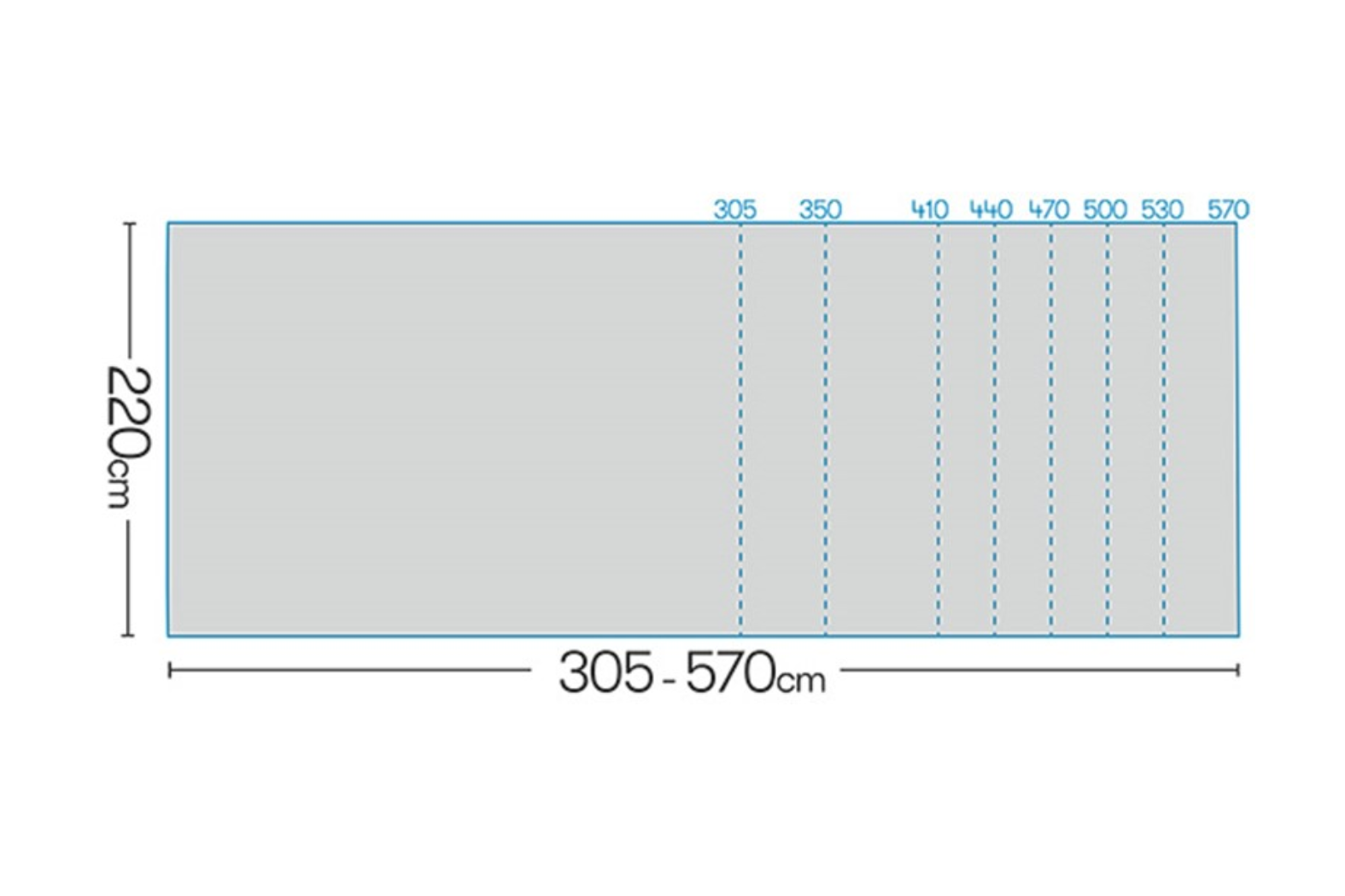 This canopy series supports a variety of widths—305 cm (for Vega/Mars 330), 350 cm (for Vega 375), 410 cm (Pluto/Galaxy size 7), and 440 cm (Galaxy size 8 / Ceres size 7) — each with a consistent depth of approx. 220 cm. It can either attach to your caravan’s awning rail or slide into the front keder of compatible Westfield Air awnings.
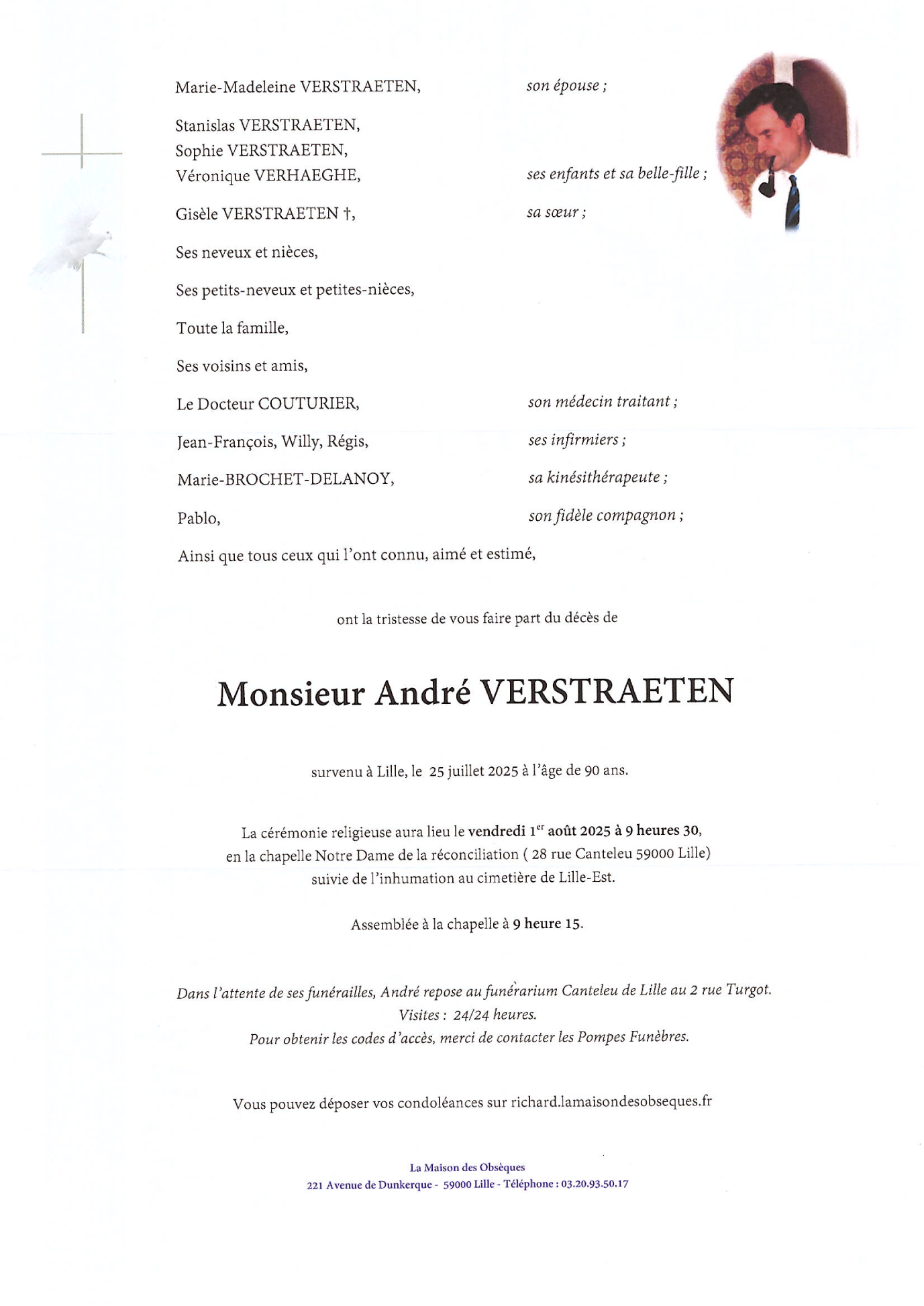 Décédé à Lille (59000, France) le vendredi 25 juillet 2025 à l'âge de 90 ans
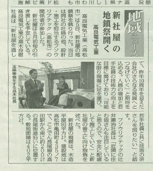 【メディア掲載】『建通新聞 香川版』 地域ニュース 新社屋の地鎮祭開く

§ **Action item**
Give back the data exactly. Skip any images.

§ **Response below**
 This canopy series supports a variety of widths—305 cm (for Vega/Mars 330), 350 cm (for Vega 375), 410 cm (Pluto/Galaxy size 7), and 440 cm (Galaxy size 8 / Ceres size 7) — each with a consistent depth of approx. 220 cm. It can either attach to your caravan’s awning rail or slide into the front keder of compatible Westfield Air awnings.
 Décédé à Lille (59000, France) le vendredi 25 juillet 2025 à l'âge de 90 ans
 【メディア掲載】『建通新聞 香川版』 地域ニュース 新社屋の地鎮祭開く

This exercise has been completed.